近年、海洋汚染や生態系への影響が問題視されている「マイクロプラスチック」。人体への影響も懸念されるなか、マイクロプラスチックが初めて生きている人間の肺から検出された。研究者の論文は科学誌「サイエンス・オブ・ザ・トータル・エンバイロメント」オンライン版に掲載された。
英国のハルヨーク医科大学の研究チームは、外科手術を受けた13人の患者から肺組織のサンプルを採取し分析した。その結果11人の肺から複数のマイクロプラスチック(5ミリ未満のプラスチック)が検出された。中でもポリプロピレン(PP)とポリエチレンテレフタレート(PET)が最も多く見つかり、全体の半数は繊維状だった。

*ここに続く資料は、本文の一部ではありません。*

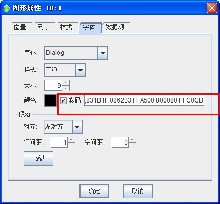 2、在繪制好的普通文本上右擊選擇屬性,彈出圖形屬性窗口,然后選擇字體選項卡,勾選“彩碼”復選框。在彩碼選項后面是需要設定的顏色代碼。也就是說在我們設定在顏色碼中,0-9個數字分別代表什么顏色。中瑯標簽條碼打印軟件的顏色代碼中,從左往右按順序依次排列,每個顏色代碼代表一位顏色碼,顏色代碼直接用半角的逗號隔開。這里我們將顏色集合設置成如下顏色: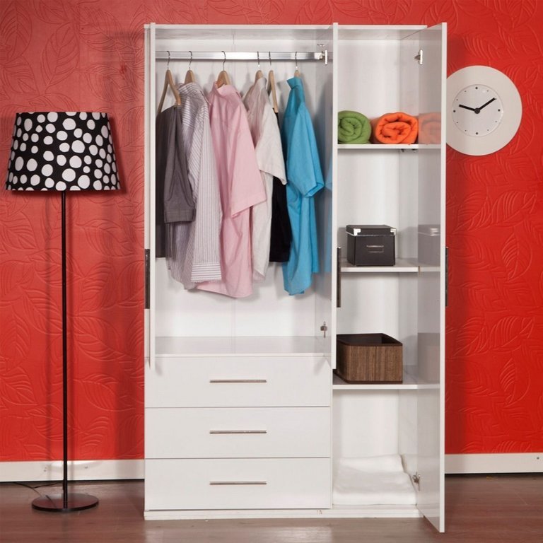 Boasting a smart painted finish, its hinged doors open to reveal a single metal rail for hanging clothes, while shelves and drawers provide additional storage for other accessories.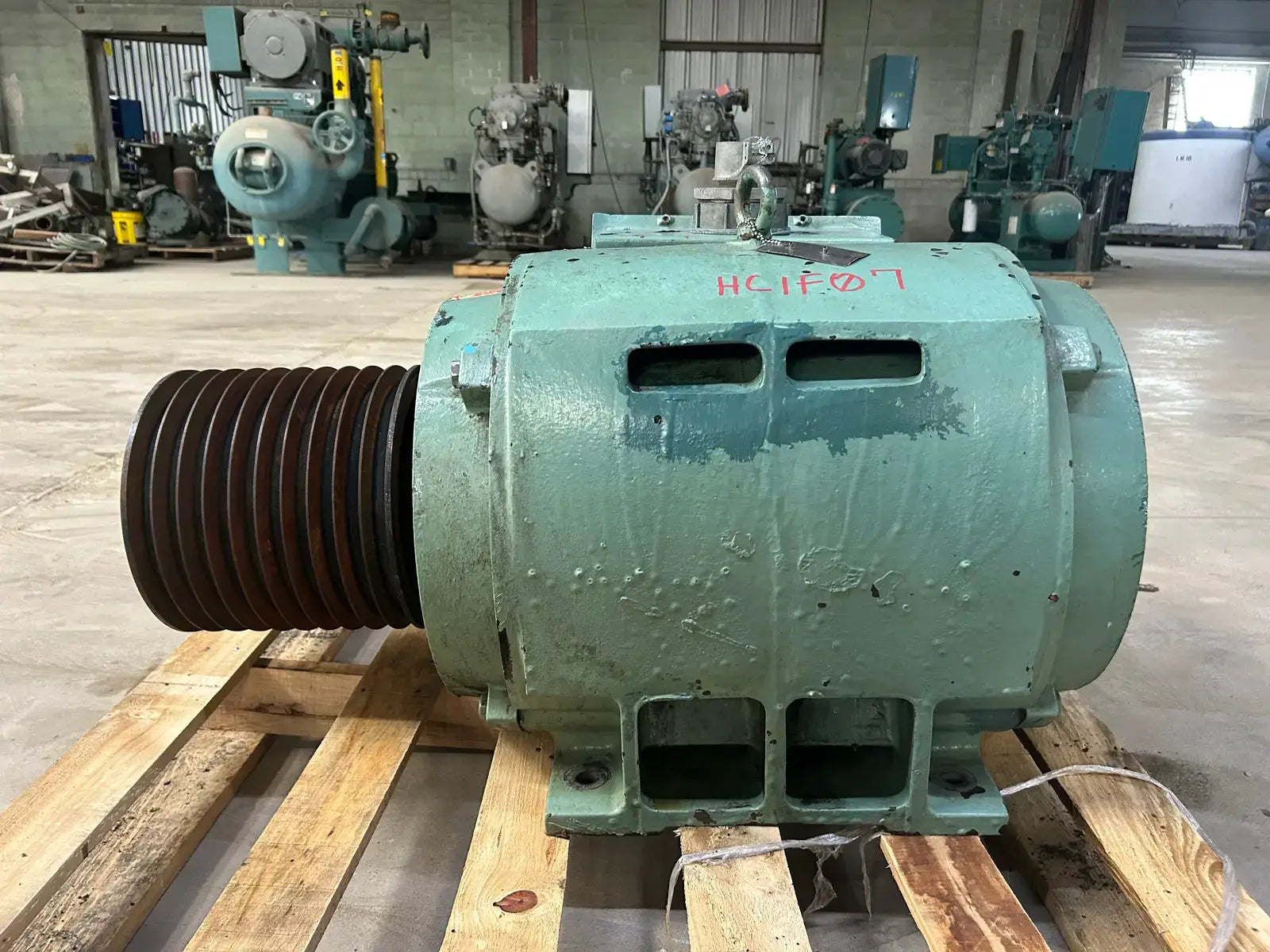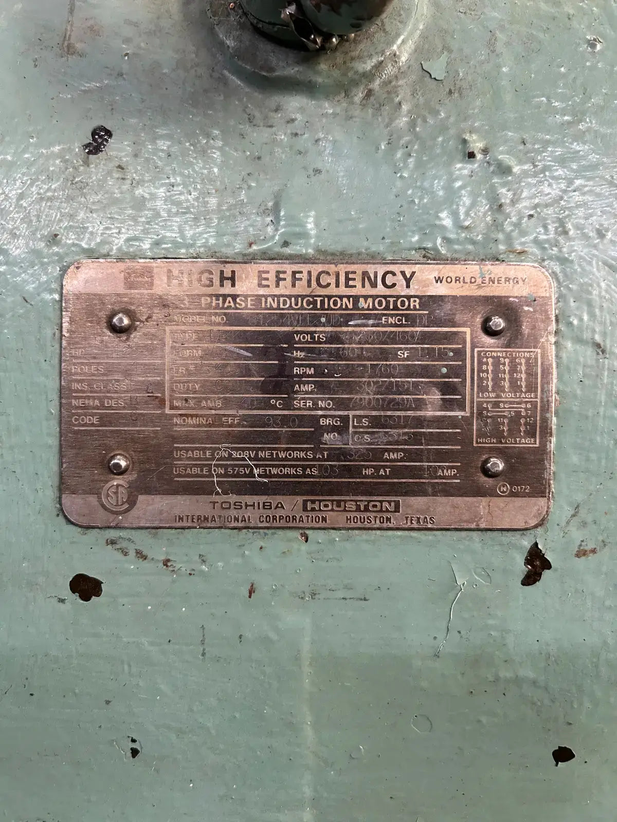 Toshiba High Efficiency Electric Motor. Model: B1254VLL3UD. Serial No: 7900729A. Power Supply Specs - 125 Hp, 230/460 Volt, 3 Ph, 60 Hz, 1760 RPM, 302/151 Amp, 405TZ.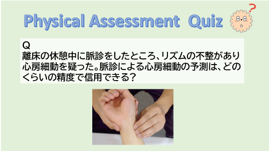 脈診による心房細動予測は、感度92%、特異度82%とかなり信頼できることが報告されています(文献)。離床時には脈の速さとリズムを必ずみるようにしましょう。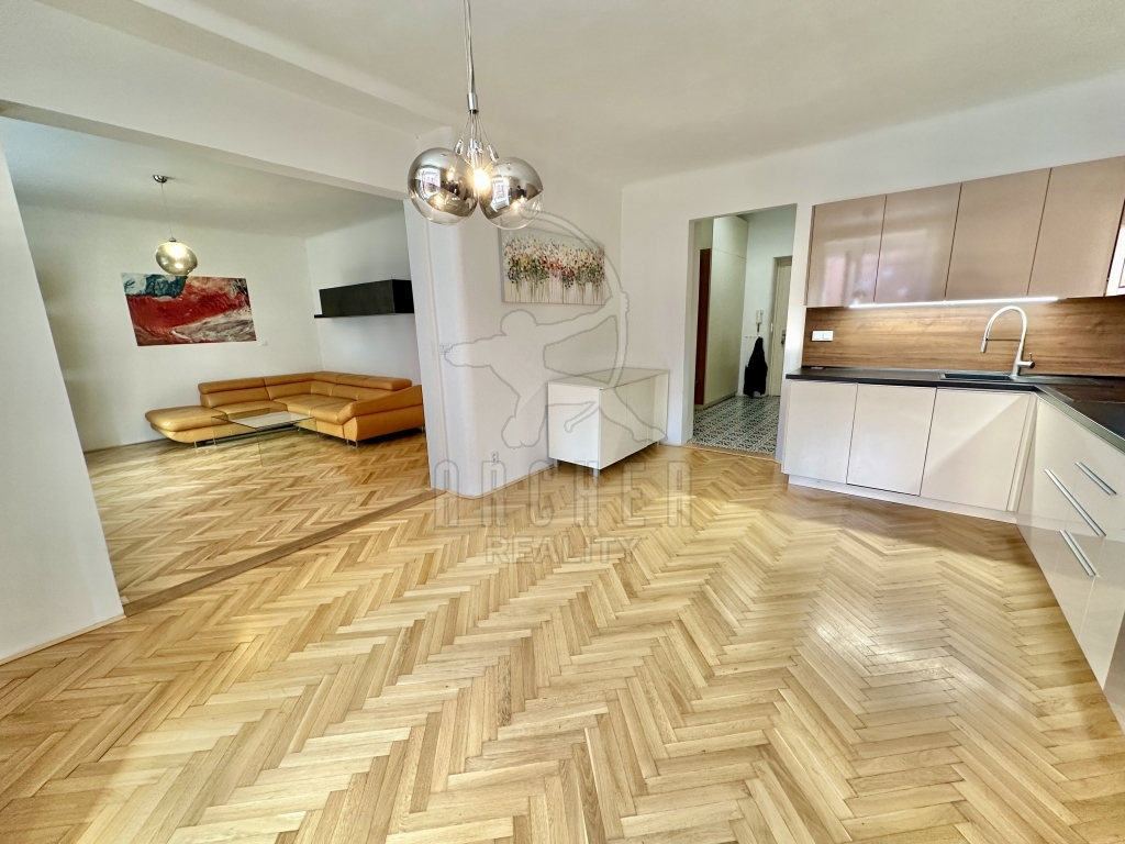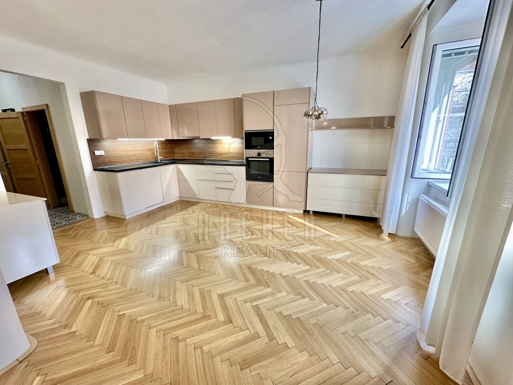 Byt po kompletní rekonstrukci se zahradou ve vnitrobloku s okny na západ plný barev.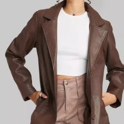 Faux Leather Brown Trench Coat $20San Bernardino, CA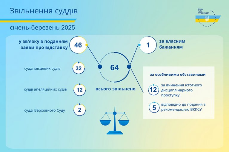 Упродовж січня - березня 2025 року Вища рада правосуддя ухвалила рішення щодо звільнення 64 суддів.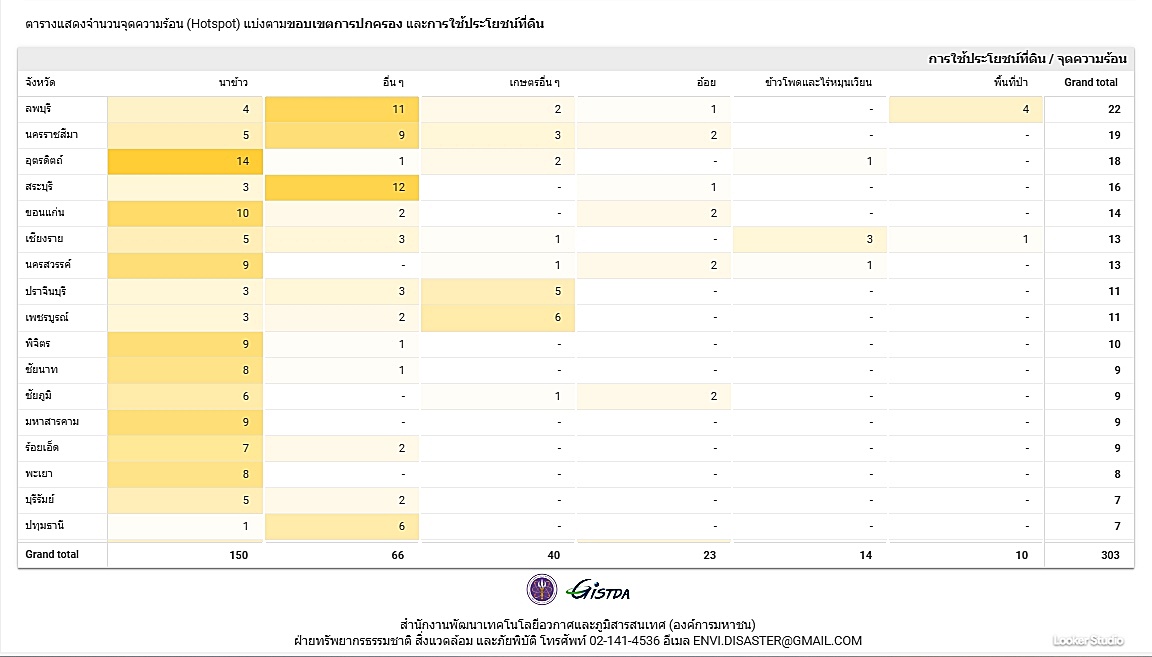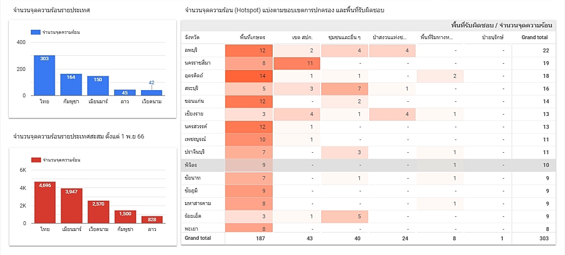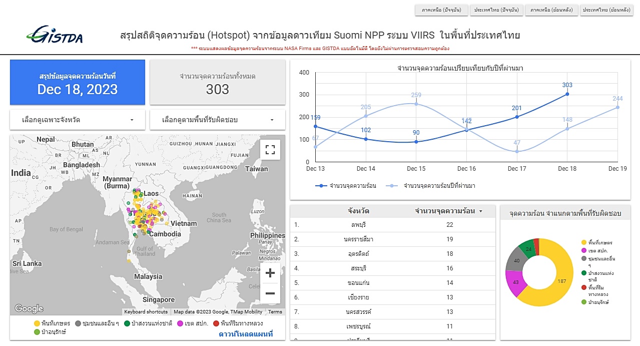 ทั้งนี้ จากข้อมูลจุดความร้อนที่รายงานโดย GISTDA เมื่อวันที่ 18 ธันวาคม 2566 พบจุดความร้อนทั้งประเทศ 303 จุด เพิ่มขึ้นจากเดิม 102 จุด ส่วนใหญ่พบในพื้นที่การเกษตร 187 จุด ตามด้วยพื้นที่ สปก. 43 จุด ชุมชนและอื่นๆ 40 จุด ป่าสงวนแห่งชาติ 24 จุด พื้นที่ริมทางหลวง 8 จุด และป่าอนุรักษ์ 1 จุด จังหวัดที่พบจำนวนจุดความร้อนสูงสุด 3 อันดับแรก คือ ลพบุรี 22 จุด ตามด้วย นครราชสีมา 19 จุด และ อุตรดิตถ์ 18 จุด

さらにマイクロプラスチックは、肺の上部だけではなく、微粒子が到達しにくいと思われる肺の下部からも見つかった。研究チームのハルヨーク医科大学のローラ・サドフスキー研究員は「肺の下部は気道が狭く、このサイズの粒子は肺の奥深くに到達する前に濾過されるか、どこかで引っかかると思っていた」と述べた。
研究では、女性よりも男性から多くのマイクロプラスチックが検出されたこともわかった。マイクロプラスチックは肺の中では分解されにくく、蓄積する恐れがある。
マイクロプラスチックを吸入することによる健康への影響はまだ明らかにされていないが、英国のハル大学が2021年に発表した研究報告によると、マイクロプラスチックは細胞死やアレルギー反応を引き起こす可能性があるという。
先月にはオランダのアムステルダム自由大学の研究チームが人間の血液から初めてマイクロプラスチックを検出している。